Abnormalities found during 20 week scan, anyone else in the same boat?

Heather042188 · March 2015

Yesterday I was told that the baby only has one artery exiting he/she's tummy aka SUA. The Dr said that it happens in 1% of babies, and he is not concerned and that I shouldn't be either. Of course I've read every article on Google and am finding that it can cause baby to be small and or preterm labor. He also said that the babies humerus bone isn't measuring the way it should be, and that this is sometimes an indicator of DS or another type of genetic disorder. I go back Tuesday for a blood test (results back in 10 days!). And of course I've found articles linking SUA to DS which would make yet another assumption. However, the DR did say that baby had NO key markers for DS or a genetic disorder. We're doing the blood test for precaution... And I'm still nervous because that test will only indicate that i am at a high or low risk of having a baby with DS. So I'm freaking cause I'll be concerned up until I give birth because I won't have a definitive answer. The DR also thinks that we are 2 weeks off of our predicted due dat, because the baby is measuring for 18w not 20. That only upset me further because the SUA can cause baby to be small. I am really, really trying to stay positive and pray to God that everything is okay. I had just read the book "supernatural birth" prior to the appointment so I've been pretty prayed up! I can't help but keep researching, even knowing that I won't find my answer. I wish could just relax but I've already started losing my appetite and sleep. And that's the last thing I need. Anyone else heard the same things or experiencing this?

camilleashleyyy · March 2015

Today when I went to the doctor they told me they found a soft marker for Down syndrome on the heart. It's a bright mark on the heart and I have to get a follow up ultrasound on Monday. The doctor told me not to worry but I can't help but be freaking out on the inside

Heather042188 · March 2015

Same here!!! Everyone is saying not to freak out because the DR isn't concerned, but I also think he's not going to say for sure or go into depth until we get the blood test back. It's crazy how he says these are things we need to look at, however don't worry. Excuse my French but what the hell do you think I'm going to do?! Friends and family keep sharing their horror stories of being told similar things and everything turned out fine. And bless them for that! I want to know as much as I can so that I can ask questions, and fully understand what we're "considering." I wish he had gone into further detail, and he probably will on Tuesday. It's just going to be a long weekend

I will pray for you and your baby too.

daniellelea1985 · March 2015

Last pregnancy they found problems with baby's stomach and femurs... soft markers for down syndrome and also dwarfism. At my 2nd follow up scan, everything was normal. I understand totally... I was a mess. Hoping you get good results!

herdofcows · March 2015

I would try not to worry. I had no markers on any ultrasound and low risk on blood tests. At birth I found out my son had Down Syndrome. He is just like any other baby. Good Luck.

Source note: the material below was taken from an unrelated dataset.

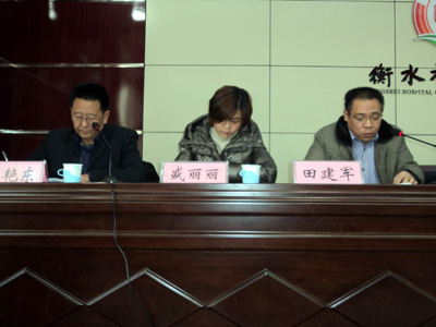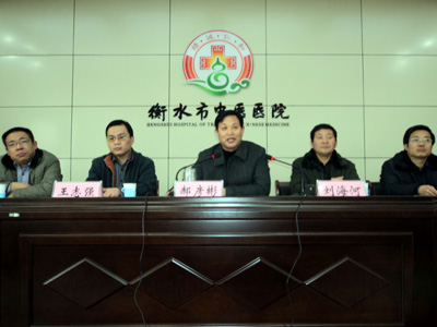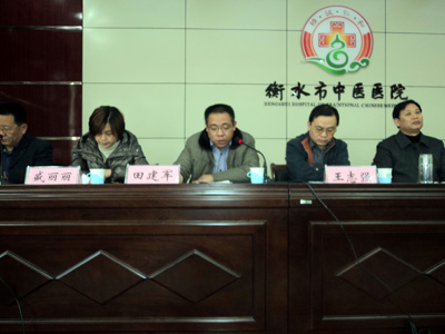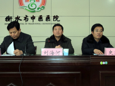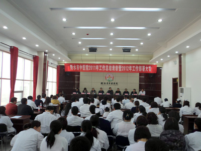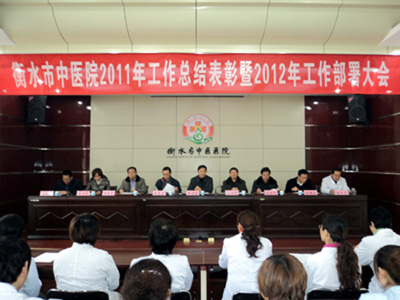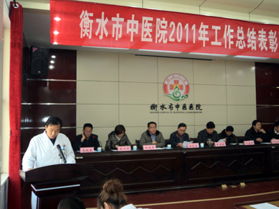 2012年1月13日下午,衡水市中医院在新综合楼11层“百合厅”成功召开了“衡水市中医院2011年工作总结表彰暨2012年工作部署大会”。会议由医院党支部书记、副院长马艳东主持,会议邀请到了市卫生局党组书记、局长郝彦斌,副局长刘海河,副调研员、办公室主任王志强,疾控办副主任倪啸尘,应急办副主任盛丽丽,院长田建军、副院长史志刚、副院长苗书虎出席了会议并讲话,医院全体干部职工参加了会议。

Heather042188 · March 2015

I've been heartbroken to hear that some women terminate after hearing the news. And that is by no means what I would do, I just want to be prepared because I know nothing about any genetic disorder. I want to know what are the things I can do to better assist the baby to get the nutrients it needs if it only has one artery and/or what can I do to be prepared for an early birth. I'm sure he'll go into that Tuesday. I basically zoned out yesterday when he started talking. I would feel better being prepared.

MinMO · March 2015

I just got the same news on Monday. We go for a level 2 sonogram on Tuesday to get a better look. My little girl has been difficult for every sonogram we have had so I'm hoping that is the only reason they couldn't get a good look at the umbilical cord. Trying not to worry is the hardest though. I decided I had to stop researching because it is just making my anxiety worse. We have to remind ourselves it is in God's hands now and all we can do is pray. Good luck!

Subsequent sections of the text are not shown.